WORK INSTRUCTIONS: Output only the stretch of the listing that starts at the line containing "Jay Pal Women" and ends at the line containing "Trong bối cảnh", reproduced exactly with both ends.

*** PROVIDED DATA ***

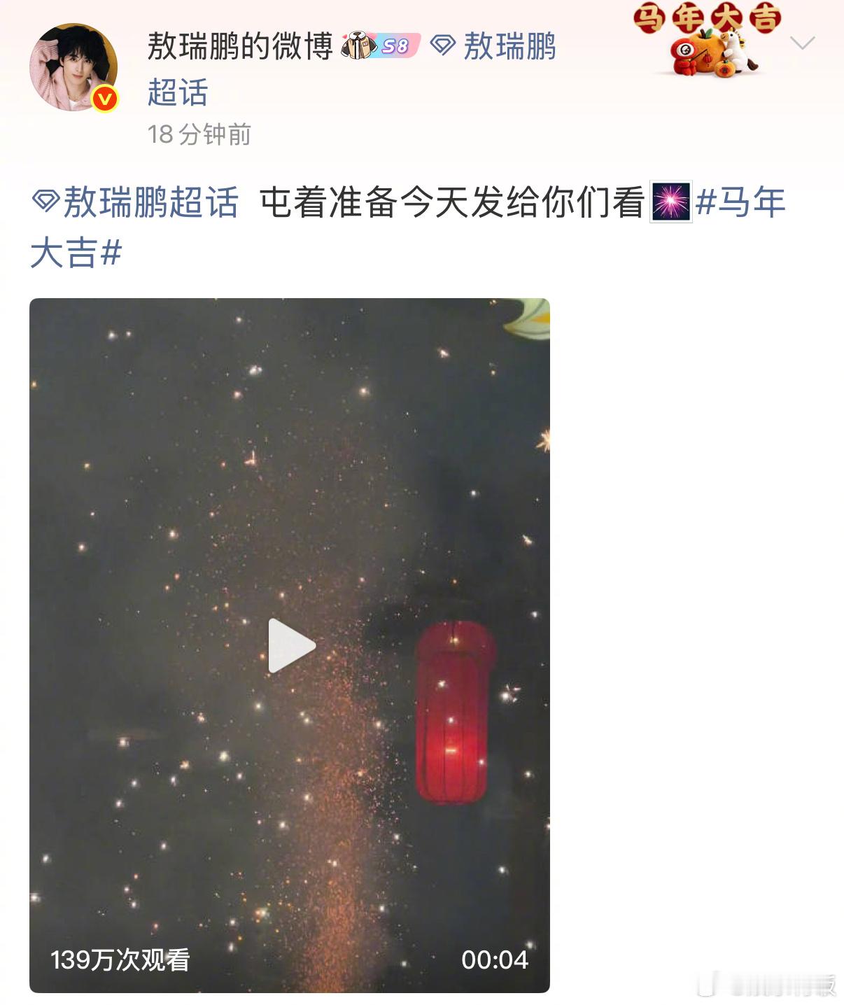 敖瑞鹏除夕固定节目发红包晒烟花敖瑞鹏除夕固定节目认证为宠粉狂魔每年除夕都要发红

*** End of PROVIDED DATA ***
*** PROVIDED DATA ***

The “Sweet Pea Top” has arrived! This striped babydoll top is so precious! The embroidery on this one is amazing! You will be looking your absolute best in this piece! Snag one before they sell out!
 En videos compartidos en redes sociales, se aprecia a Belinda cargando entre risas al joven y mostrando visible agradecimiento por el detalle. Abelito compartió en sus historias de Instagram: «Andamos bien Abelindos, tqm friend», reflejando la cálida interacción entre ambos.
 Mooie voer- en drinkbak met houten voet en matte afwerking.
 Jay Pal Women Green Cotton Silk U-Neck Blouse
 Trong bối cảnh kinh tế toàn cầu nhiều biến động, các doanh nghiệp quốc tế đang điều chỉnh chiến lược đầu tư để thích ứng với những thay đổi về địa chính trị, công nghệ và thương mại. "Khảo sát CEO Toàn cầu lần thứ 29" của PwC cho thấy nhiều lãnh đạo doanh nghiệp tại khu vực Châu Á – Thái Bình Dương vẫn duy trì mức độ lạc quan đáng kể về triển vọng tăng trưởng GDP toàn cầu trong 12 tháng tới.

*** End of PROVIDED DATA ***

EXERCISE RESULT:
 Jay Pal Women Green Cotton Silk U-Neck Blouse
 Trong bối cảnh kinh tế toàn cầu nhiều biến động, các doanh nghiệp quốc tế đang điều chỉnh chiến lược đầu tư để thích ứng với những thay đổi về địa chính trị, công nghệ và thương mại. "Khảo sát CEO Toàn cầu lần thứ 29" của PwC cho thấy nhiều lãnh đạo doanh nghiệp tại khu vực Châu Á – Thái Bình Dương vẫn duy trì mức độ lạc quan đáng kể về triển vọng tăng trưởng GDP toàn cầu trong 12 tháng tới.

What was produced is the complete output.